Tom Moore

Tom Moore
CEO

The big news in Jeremy Hunt’s spring Budget was the unexpected abolition of the Lifetime Allowance (LTA) charge.

Until the announcement the LTA stood at £1,073,100. LTA limits the maximum tax-privileged benefits that can be enjoyed from pensions. It is only relevant when benefits are drawn (or at age 75 if earlier) which is a ‘benefit crystallisation event’.

These events absorb all or part of the LTA and once exhausted, the payment of any excess benefits will give rise to a tax charge. The rate was 25% for income benefit payments and 55% for capital payments.

With the LTA charge being abolished, pension savers need no longer worry about the overall value of their pension in this context. (The limit of £1,073,100, unless there is protection under a previous regime, will still be used in the calculation of the ‘Pension Commencement Lump Sum’, generally the maximum amount of tax-free cash that can be taken).

Political Landscape

Immediately, the Labour Party retorted that it intends to reverse the abolition: could this have retrospective effect, and be read as though nothing had ever happened? Given current opinion polls there might be just a narrow ‘window of opportunity’ for pension members to benefit.

There are perilous dangers to any Government of reliance on retrospective legislation, even if a new administration will want to maximise the tax take from the reversal.
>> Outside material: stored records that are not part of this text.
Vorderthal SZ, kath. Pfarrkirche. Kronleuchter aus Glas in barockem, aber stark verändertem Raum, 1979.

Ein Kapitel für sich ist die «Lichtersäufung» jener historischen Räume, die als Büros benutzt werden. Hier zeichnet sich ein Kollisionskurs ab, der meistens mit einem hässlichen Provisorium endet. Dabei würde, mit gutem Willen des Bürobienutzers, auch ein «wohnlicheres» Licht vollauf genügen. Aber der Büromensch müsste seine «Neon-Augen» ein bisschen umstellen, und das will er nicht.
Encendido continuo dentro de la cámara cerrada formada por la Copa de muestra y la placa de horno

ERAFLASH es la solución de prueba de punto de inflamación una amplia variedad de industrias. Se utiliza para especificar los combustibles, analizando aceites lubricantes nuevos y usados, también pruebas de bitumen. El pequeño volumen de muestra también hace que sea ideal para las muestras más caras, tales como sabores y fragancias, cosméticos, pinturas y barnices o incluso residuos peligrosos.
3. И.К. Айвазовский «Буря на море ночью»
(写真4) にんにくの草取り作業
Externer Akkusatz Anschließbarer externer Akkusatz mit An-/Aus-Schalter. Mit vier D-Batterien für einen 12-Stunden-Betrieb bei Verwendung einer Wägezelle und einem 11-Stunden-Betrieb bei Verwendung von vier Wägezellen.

In our opinion a back-dated change is unlikely, but make no mistake, Governments can effect any legal changes they want, subject to the normal processes.
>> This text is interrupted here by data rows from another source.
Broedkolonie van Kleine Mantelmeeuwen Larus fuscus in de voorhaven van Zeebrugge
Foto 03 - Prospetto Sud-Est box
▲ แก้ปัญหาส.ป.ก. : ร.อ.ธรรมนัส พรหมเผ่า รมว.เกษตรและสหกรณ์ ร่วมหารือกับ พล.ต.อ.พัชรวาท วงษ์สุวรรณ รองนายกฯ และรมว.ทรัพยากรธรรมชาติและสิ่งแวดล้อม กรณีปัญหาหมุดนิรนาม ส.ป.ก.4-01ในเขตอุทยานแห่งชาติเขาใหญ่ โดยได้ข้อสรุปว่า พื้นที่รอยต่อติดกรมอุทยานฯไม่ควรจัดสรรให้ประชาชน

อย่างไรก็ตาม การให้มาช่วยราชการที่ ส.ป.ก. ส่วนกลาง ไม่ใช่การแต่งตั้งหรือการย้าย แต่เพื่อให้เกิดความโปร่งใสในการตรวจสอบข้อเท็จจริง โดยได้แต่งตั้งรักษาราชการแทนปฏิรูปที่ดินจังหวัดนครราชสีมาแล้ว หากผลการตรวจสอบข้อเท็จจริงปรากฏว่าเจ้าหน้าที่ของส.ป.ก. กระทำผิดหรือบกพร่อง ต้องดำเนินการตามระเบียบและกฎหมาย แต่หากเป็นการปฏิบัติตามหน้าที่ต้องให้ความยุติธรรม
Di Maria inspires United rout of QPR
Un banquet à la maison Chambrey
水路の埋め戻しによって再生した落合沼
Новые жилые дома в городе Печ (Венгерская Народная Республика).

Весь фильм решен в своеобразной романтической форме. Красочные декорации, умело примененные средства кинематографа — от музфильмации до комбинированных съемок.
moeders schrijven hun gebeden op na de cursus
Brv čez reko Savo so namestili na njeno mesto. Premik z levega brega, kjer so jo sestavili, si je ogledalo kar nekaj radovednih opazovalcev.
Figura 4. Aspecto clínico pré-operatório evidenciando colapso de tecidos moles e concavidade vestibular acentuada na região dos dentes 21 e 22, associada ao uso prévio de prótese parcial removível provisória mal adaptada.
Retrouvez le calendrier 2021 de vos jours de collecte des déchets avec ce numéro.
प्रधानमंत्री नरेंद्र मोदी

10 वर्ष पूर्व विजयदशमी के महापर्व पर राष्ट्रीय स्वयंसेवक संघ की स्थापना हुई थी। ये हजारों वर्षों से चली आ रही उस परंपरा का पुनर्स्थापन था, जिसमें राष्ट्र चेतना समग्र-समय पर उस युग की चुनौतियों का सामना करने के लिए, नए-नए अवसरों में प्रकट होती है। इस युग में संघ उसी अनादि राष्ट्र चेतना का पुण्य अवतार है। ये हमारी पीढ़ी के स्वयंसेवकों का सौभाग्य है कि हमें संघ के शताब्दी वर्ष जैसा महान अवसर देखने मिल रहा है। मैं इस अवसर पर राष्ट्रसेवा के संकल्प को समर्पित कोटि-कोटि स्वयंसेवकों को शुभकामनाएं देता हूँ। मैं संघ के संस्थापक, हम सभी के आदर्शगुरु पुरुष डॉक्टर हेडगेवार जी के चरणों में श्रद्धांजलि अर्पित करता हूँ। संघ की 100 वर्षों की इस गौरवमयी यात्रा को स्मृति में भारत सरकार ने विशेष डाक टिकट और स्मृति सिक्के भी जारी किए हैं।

The real danger lies in the credibility of, and faith in, our legal system upon which the nation’s administrative and economic framework depends. Retrospective changes make it impossible to know with certainly what the ‘current’ law is. How can any citizen plan their life in this situation?

Rees Rules

It has long been accepted that the Government may use retrospective tax changes to counter the financial risks from tax avoidance. The ‘acceptable’ approach was codified in 1978 in the so-called ‘Rees Rules’.

Steps taken in 2004 by the then Labour Government to counteract a number of schemes aimed at avoiding tax on employment income can be read as indicating a strong desire to remain within the boundaries of the Rees Rules. Further changes introduced in 2008, to avoidance schemes exploiting double taxation treaties were, however, justified by the Government on the basis that it did no more than clarify the law. There was cross-party political agreement, and within professional circles, that the schemes were unacceptable, and the arrangements should be blocked.

The abolition of the LTA is entirely different. There is no political (or even economic) consensus on whether the limit should be retained, altered, or abolished. So long as the law change receives Royal Assent, the LTA will be abolished from 6 April 2023, whatever the stated plans of the Opposition.

To re-impose the LTA with retrospective effect would obliterate the Rees Rules. Anyone finding equivalence between such a change and the anti-avoidance measures referred to above is simply mistaken.

Our strong view is that any reversal of the abolition of the LTA – if it happens – must include some form of ‘grandfathering’ provision to protect those who have legally benefited from the brief absence of a cap.

Ultimately of course, Governments can do what they want, and our view may be wrong. But if anything like this happens, it will mark the start of a frightening new era.